Figure 4. The state of primaries of 801 Atlantic Puffins found dead in east Scotland in late March and early April 2013 in relation to the age of the bird. Sample sizes are given in brackets. There was a highly significant difference between the numbers of birds with new, old and growing primaries among the five ages classes (χ2 = 492, df = 8, P < 0.001).
Given the apparent bimodality in the timing of moult in Puffins examined during the nonbreeding period (), we hoped that detailed examination of wings from the wreck might allow us to score primaries as being very fresh and thus consistent with moult in late February/early March or more worn and consistent with moult in October. For this we used a subsample of 142 adult wings that were in good condition when found and which were neither lacking nor growing primaries. All but one of the wings from 120 older adults and 5 of 22 younger adults were classed as new but these included feathers that had retained a sheen and those that were duller (c) so that in practice we could not detect any bimodality in the age of the primaries of these adults.
Ringed birds
Although our examination of wings from the 2013 wreck did not provide strong evidence that adult Puffins from colonies in east Britain had moulted in autumn, wings of 12 Puffins ringed on the Isle of May and recovered dead or shot when at least four years old confirm that birds from this colony can moult in October, November, January and March ().

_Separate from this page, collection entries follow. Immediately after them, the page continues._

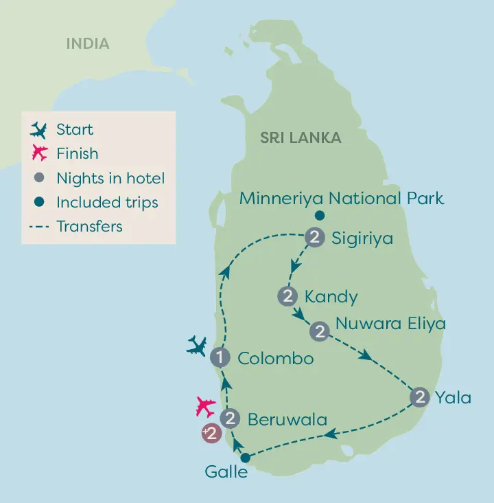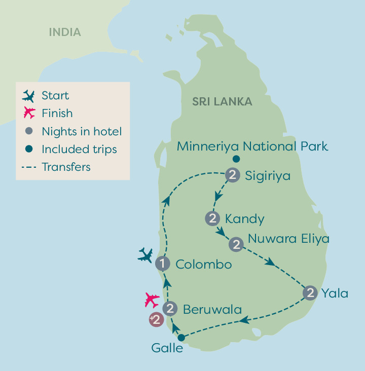Discover this paradise island teeming with wildlife, incredible landscapes and a colourful culture. Start in Sri Lanka's capital Colombo, a bustling metropolis where colonial-era buildings and Buddhists temples rub shoulders with modern skyscrapers. Visit Minneriya National Park, home to elephants, deer and wild boar, before heading to see the spectacular rock fortress of Sigiriya which features the impressive Lion Gate. Next, visit Kandy, the location of Travelsphere Cares Project Sthree Café, which you'll visit, as well as the Temple of The Sacred Tooth – the most venerated place of worship for Buddhists in the world. Continue your discoveries in the hills of Sri Lanka where you'll have a tour of a tea plantation, and venture to Yala National Park. Your last stop is Beruwala, home to one of the longest beaches in Sri Lanka, where you can enjoy some relaxation at the end of your tour.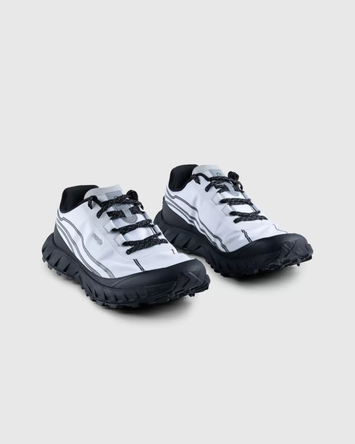 Na Het Debuut Van Zijn Eerste Hardloopsilhouet Keert Norda Terug Met De 002, Die Het Toch Al Goed Presterende Ontwerp Verbetert. Het Naadloze En Waterbestendige Bio-Dyneema-Bovenwerk Blijft Intact En Biedt Een Uitzonderlijk Lichtgewicht Gevoel En Biedt Slijtvastheid Dankzij De Ripstop-Mogelijkheden. Er Is Een Bijgewerkte Stapelhoogte Toegevoegd Aan De Vibram Megagrip-Buitenzool Die Wordt Geleverd Met Duurzame Nokken Om Tractie Op Verschillende Terreinen Te Ondersteunen. Overal In De Schoen Zijn Opvallende Reflecterende Details Te Vinden Voor 360 Graden Zichtbaarheid, Terwijl Een Gewatteerde Hielkraag En Piramidevormige Tussenzool Het Comfort Op En Naast De Paden Bevorderen.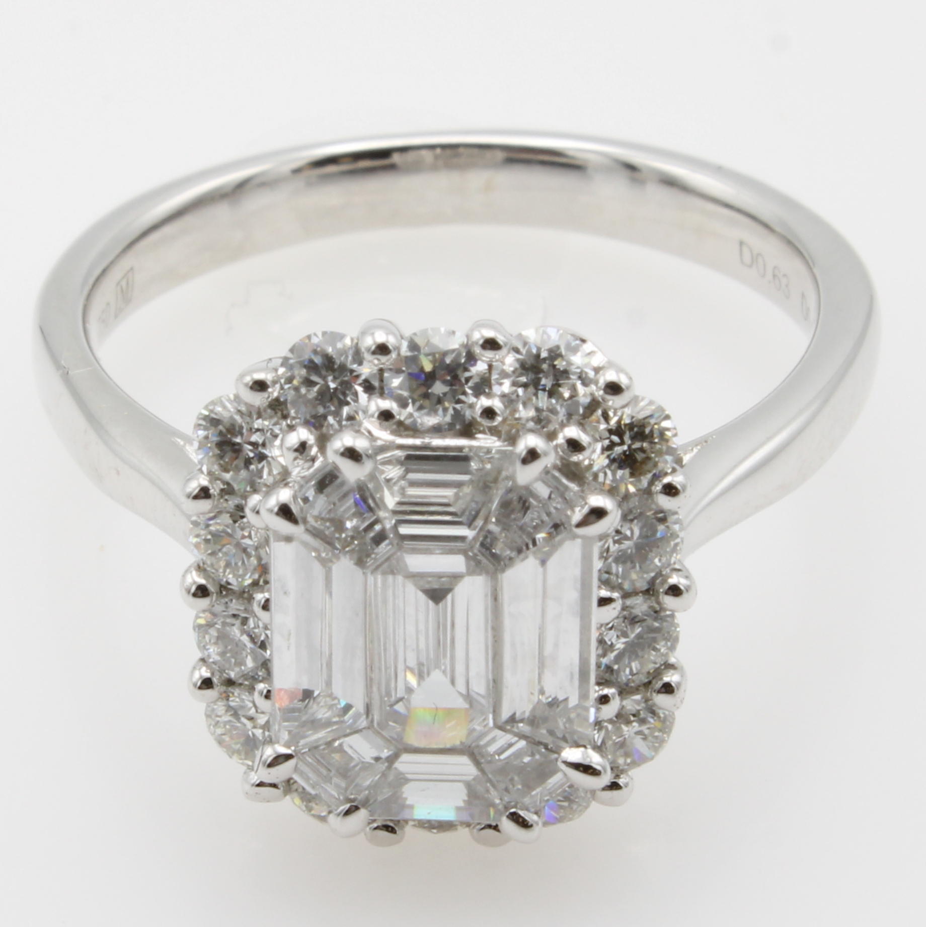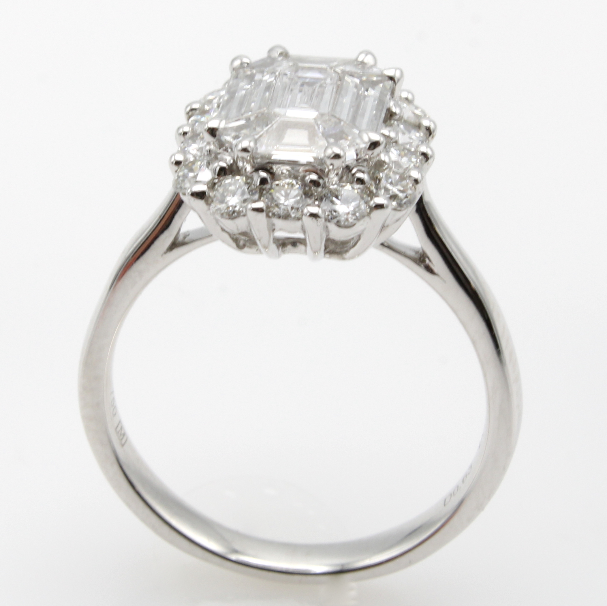 Ring mit Diamanten und Brillanten, WG 750/ 000, 9 Diam. im Smaragdschliff zus. ca. 0.85 ct u. 14 Brill. zus. ca. 0.63 ct feines Weiß/ vvs-vs, RW ca. 53 Schätzpreis: 9500, - EUR

Table 1. The state of primaries of Atlantic Puffins ringed on the Isle of May when they were found dead or shot when aged between 4 and 32 years.
Sex differences
Between 1969 and 2013, 126 adult Puffins that were examined for moult were sexed by dissection. Sample sizes were too small to compare the monthly frequency of moult in males and females but there was no significant sex difference in the incidence of moult in either October–December (males 9/22, females 20/42, Fisher's exact test P = 0.80) or February–March (males 4/32, females 1/30, Fisher's exact test P = 0.35) so it appears unlikely that the timing of moult differs markedly between the sexes.
DISCUSSION
Puffins found dead in east Scotland in March 2013 more than doubled the sample size of birds from the wintering North Sea population that have been examined for moult and provide new information on birds just prior to return to the colonies. Inclusion of Puffins shot in the Faroe Islands provides the first information on healthy individuals outside the breeding season. Both samples may over-estimate the proportions of birds in moult since flightless birds cannot move if local conditions deteriorate or escape from hunters who normally shoot swimming birds. However, while these biases need to be kept in mind, the results provide additional support for earlier studies and confirm that Puffins wintering in the North Sea have a very protracted period of moult with flightless birds found in some numbers in all months outside the breeding season but particularly in October and March (Harris & Yule Citation1977, Harris & Wanless Citation2011). Although there were no data from near the Faroe Islands after February, two adults and two immatures caught on long-lines set 300 km north of the islands on 21 March were all moulting. Puffins wintering in this area probably have a similar pattern of moult. Such an extended period of moult needs an explanation because moult in most seabird species outside the tropics occurs at a well-defined time of year (Evans Citation1985).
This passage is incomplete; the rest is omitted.